Generating training data for USPS address parsing

lokkju opened this issue 3 years ago · comments

Note: I may be able to make whatever training dataset I create available under an open license; it's a goal for sure.

I'm trying to create a good dataset to use for training for parsing USPS (United States) addresses using proper USPS address parts. I have both an enormous dataset (millions) of clean addresses correctly labeled, as well as some (hundreds of thousands) of dirty addresses that have been matched to clean addresses, and so labeled.

Those clean addresses all use official abbreviations for Street Type, Street Pre Direction, Unit Type, etc; they also all have few missing address parts.

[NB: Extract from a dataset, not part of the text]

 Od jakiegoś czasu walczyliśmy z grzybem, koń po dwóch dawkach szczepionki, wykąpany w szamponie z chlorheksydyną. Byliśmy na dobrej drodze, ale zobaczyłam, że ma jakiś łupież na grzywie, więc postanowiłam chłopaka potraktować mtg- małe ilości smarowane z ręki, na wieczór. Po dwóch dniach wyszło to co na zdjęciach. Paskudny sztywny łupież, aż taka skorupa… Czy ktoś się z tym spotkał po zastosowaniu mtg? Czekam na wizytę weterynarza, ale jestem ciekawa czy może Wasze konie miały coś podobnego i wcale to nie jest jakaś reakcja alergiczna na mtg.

I'd imagine I'd want to synthetically generate non-abbreviated representations of each possible abbreviated term; my questions are:

Given I have labeled addresses for 90% of the entire US, how do I determine the point of diminishing returns for the size of the training set?
what portion of the training dataset should consist of the alternative non-abbreviated terms?

My initial idea is to randomly select 20 addresses from every 5 digit zipcode, resulting in ~ 1M addresses; then synthetically modify about 50% of the to use alternative non-official abbreviated forms of the abbreviated terms.

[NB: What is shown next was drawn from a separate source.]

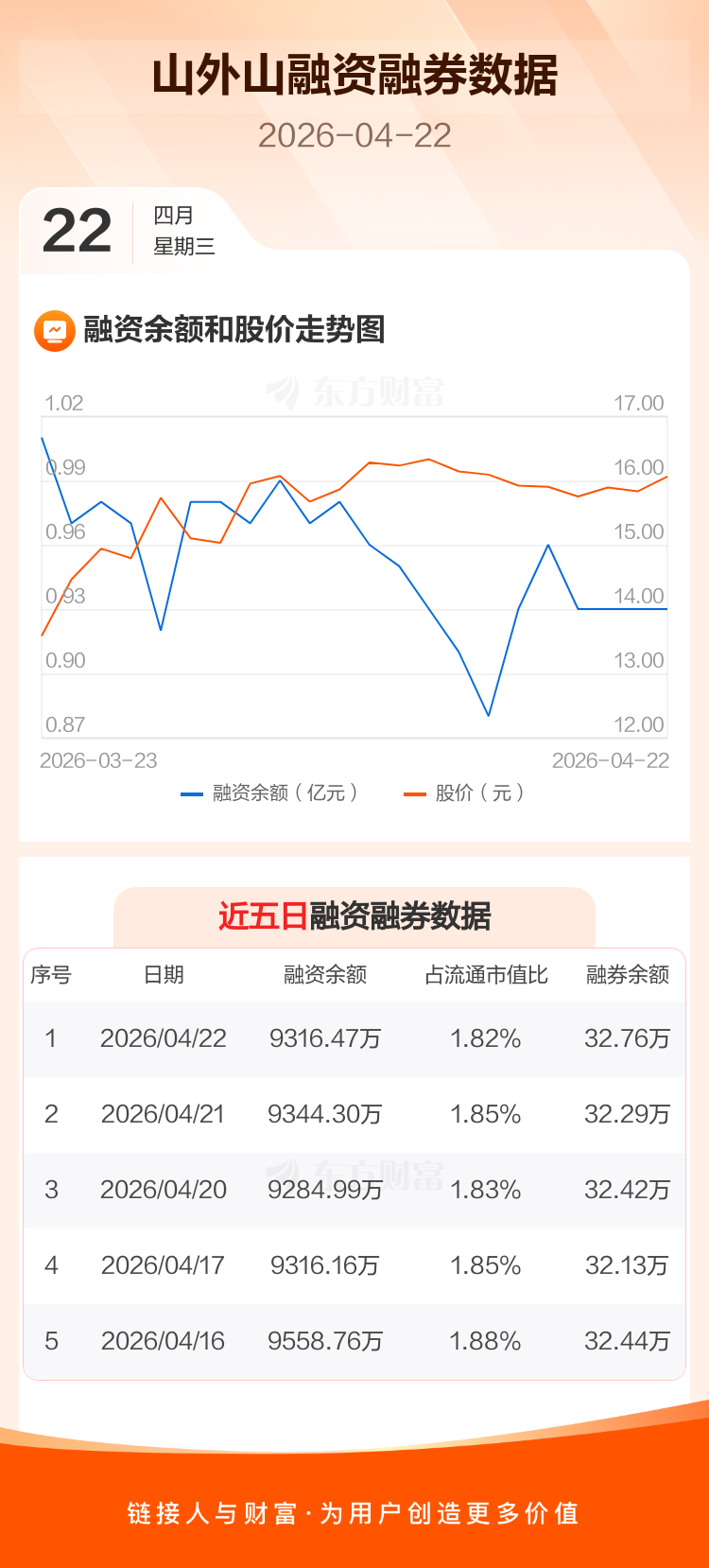 交易所最新数据显示,山外山于2026年4月22日获融资买入392.43万元,融资偿还420.26万元,当日融资净偿还27.84万元。目前,该股融资余额9316.47万,占流通市值比例为1.82%。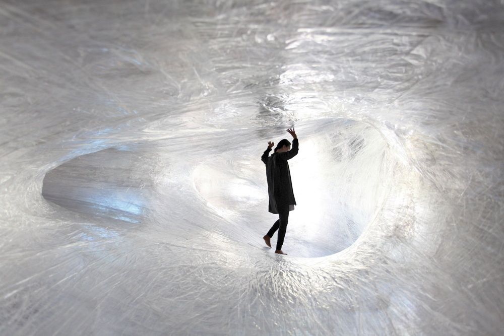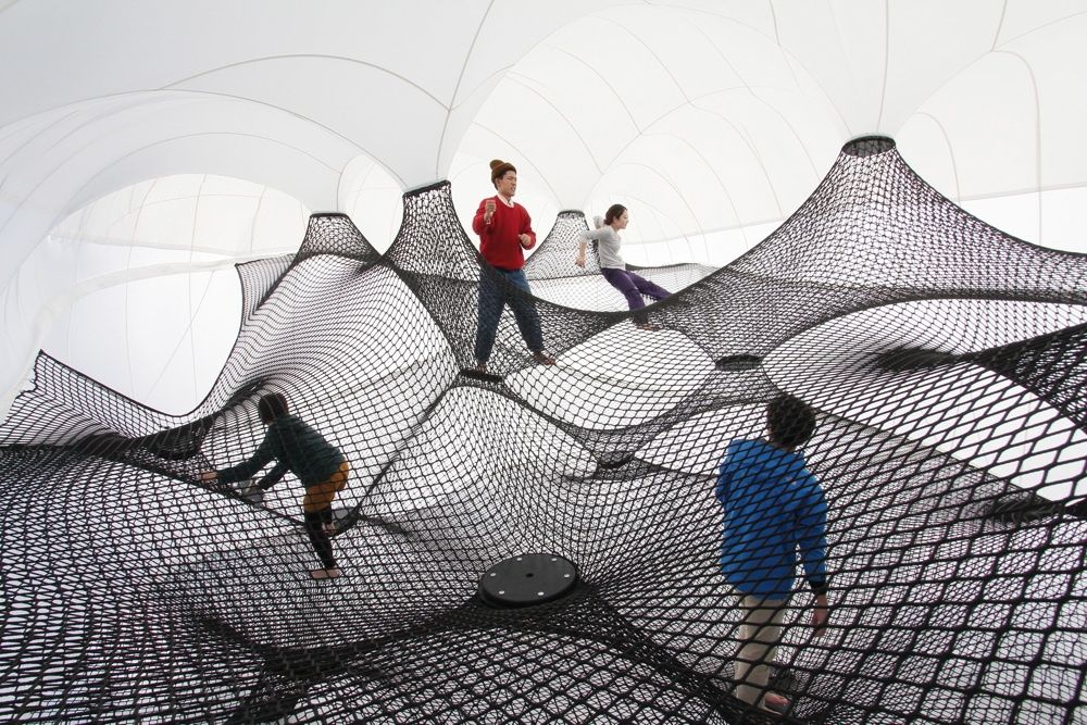 ausstellung„Tape“, „Tuft“, „Net“, „Net Blow-up“, „String“ – unter diesen prosaischen Titeln verwirklicht das Kollektiv Numen/For Use begehbare, interaktive Installationen, die faszinierende sinnlich-räumliche Erlebnisse bieten. Sie spinnen aus Klebebändern fragil wirkende Kokons, die aussehen, als wäre ein Rieseninsekt tätig gewesen, verweben mehrere Schichten elastischer Netze zu überdimensionalen, durchkletterbaren Hängekonstruktionen im öffentlichen Raum oder eignen sich das Produktionssystem großer pneumatischer Objekte in einer Weise an, dass man sich in einem unendlich scheinenden 3-D-Netz verliert.

David Beauchemin · Answer 1 · Tue Apr 13 2021 04:26:30 GMT+0800 (China Standard Time)

Marouane and I are in the rush of writing an extended version of the original article behind Deepparse and we are at the end of our semester, so we might have a delay in our response. But rapidly here some insight that I have (feel free to continue update on your project since we are more than interested to add your dataset to our open-source one.

The best way to see what is the "minimal" size of your dataset is to compute some datapoint. By that I mean retrain the model with N examples, 2N examples, 3N examples, and so on. Plot all the accuracy and you will see the global pattern. I recommend maybe a low point, some mid-range and a high end. On our side, we training using only 100 000 examples for the US to achieve our accuracy. So, If you use a million, it would definitely expect better results.

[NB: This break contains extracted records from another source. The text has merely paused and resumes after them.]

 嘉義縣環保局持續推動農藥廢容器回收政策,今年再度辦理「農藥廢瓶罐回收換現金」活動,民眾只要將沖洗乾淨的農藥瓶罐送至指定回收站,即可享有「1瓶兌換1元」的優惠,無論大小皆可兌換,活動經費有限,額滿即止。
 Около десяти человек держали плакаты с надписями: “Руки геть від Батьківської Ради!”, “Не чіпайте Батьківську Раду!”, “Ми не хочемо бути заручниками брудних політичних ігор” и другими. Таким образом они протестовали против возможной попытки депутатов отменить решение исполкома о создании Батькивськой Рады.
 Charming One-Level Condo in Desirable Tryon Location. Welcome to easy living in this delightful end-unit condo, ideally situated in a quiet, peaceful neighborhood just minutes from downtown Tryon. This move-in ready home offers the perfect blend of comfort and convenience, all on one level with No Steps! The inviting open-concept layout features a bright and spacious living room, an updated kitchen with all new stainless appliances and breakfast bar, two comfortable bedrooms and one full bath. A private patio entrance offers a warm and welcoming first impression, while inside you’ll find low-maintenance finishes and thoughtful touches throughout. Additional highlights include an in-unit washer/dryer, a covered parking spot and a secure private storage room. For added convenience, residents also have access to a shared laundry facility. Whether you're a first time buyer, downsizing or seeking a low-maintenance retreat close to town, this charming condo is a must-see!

I would try first with the test() method to see what is the accuracy with your non-official abbreviated terms what is the accuracy. be sure to update to the newer release since we found two major bugs in the prediction.

It would be appreciated if you would share the results with the non-official abbreviated address here.

Also, if you have more tags, we are working on a feature where a user could retrain a model with a different tag space (see PR). It is in beta mode, maybe you could give it a try and tell us any comments (use pip install -U git+https://github.com/GRAAL-Research/deepparse.git@modify_tags_retrain to install the feature in beta mode but keep in mind that it will override the "normal" release, so reinstall the normal one with pip install -U deepparse)

If we take the example of the incomplete data, we retrained the model with 100K complete data per country (20 countries) and 5K incomplete data to achieve SOTA accuracy. So, following this scheme should be a good start (following the idea of 5 per zip code maybe 1 or 2 per zip code as non-official abbreviated data).

Loki Coyote · Answer 2 · Fri Apr 16 2021 12:37:10 GMT+0800 (China Standard Time)

Thanks for the reply and input; I'll keep you updated for sure!

David Beauchemin · Answer 3 · Thu Aug 26 2021 04:16:02 GMT+0800 (China Standard Time)

Any update @lokkju ?